Facilities and Core Resources

The center operates compute clusters and visualization labs comparable to resources at National Center for Supercomputing Applications, with hardware from vendors like NVIDIA Corporation, Intel Corporation, AMD, and Cray Inc.. Facilities include data storage systems inspired by CERN data centers, immersive visualization theaters akin to University of Illinois's facilities, and maker spaces resembling those at Fab Lab and MIT Media Lab. Core software stacks incorporate tools from Anaconda (software distribution), Hadoop, Spark, Singularity (container platform), and Kubernetes, and rely on networking similar to Internet2 and ESnet. The center’s resources support domain science teams working on problems connected to NOAA, NASA, DOE, and NIH grant portfolios.

Major Projects and Collaborations

Major initiatives have included partnerships with XSEDE, PRACE, Blue Waters Project, and regional consortia like Louisiana Optical Network Initiative. Science collaborations span domains with groups at Los Alamos National Laboratory on materials, Lawrence Berkeley National Laboratory on energy, Argonne National Laboratory on data-intensive computing, and Oak Ridge National Laboratory on high-performance computing. Interdisciplinary projects linked to cultural heritage engaged partners such as Smithsonian Institution and Library of Congress, while biomedical efforts referenced collaboration frameworks like NIH Big Data to Knowledge. Collaborative funding came via programs from National Science Foundation, Department of Energy, DARPA, NSF Office of Advanced Cyberinfrastructure, and philanthropic sources including Gordon and Betty Moore Foundation.

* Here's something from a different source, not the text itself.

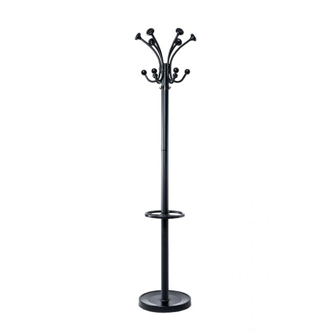 Robustný oceľový vešiak na kabáty sa hodí do každého prostredia. Ťažký betónový podklad potiahnutý plastom zabezpečuje jeho mimoriadnu stabilitu. Matný povrch odolný proti poškriabaniu dáždnikom, lesklý stĺpik, 6 vešiakov na klobúky, 6 na kabáty s priskrutkovanými hrotmi z odolného ABS plastu, 4 prídavné plastové háčiky pod vešiakmi a 4 háčiky na stojane na dáždniky, stojan priemeru 27 cm až na 8 dáždnikov alebo 4 teleskopické dáždniky. Výška 176 cm, priemer základne 36,5 cm, váha 6 kg. Rýchla a jednoduchá montáž. Farba čierna.

Education, Outreach, and Training

Educational programs paralleled workforce initiatives at National Science Foundation and training models from Carnegie Mellon University, Massachusetts Institute of Technology, and Stanford University with offerings in high-performance computing, data science, and visualization. Outreach engaged K–12 initiatives similar to FIRST Robotics Competition and museum partnerships with New Orleans Museum of Art and Ogden Museum of Southern Art. Graduate and undergraduate training collaborated with departments at Louisiana State University, Tulane University, and University of New Orleans, and internships connected students to opportunities at Los Alamos National Laboratory, Sandia National Laboratories, IBM Research, and Microsoft Research. The center hosted workshops and summer schools modeled after SREcon, IEEE conferences, and ACM SIGGRAPH symposia.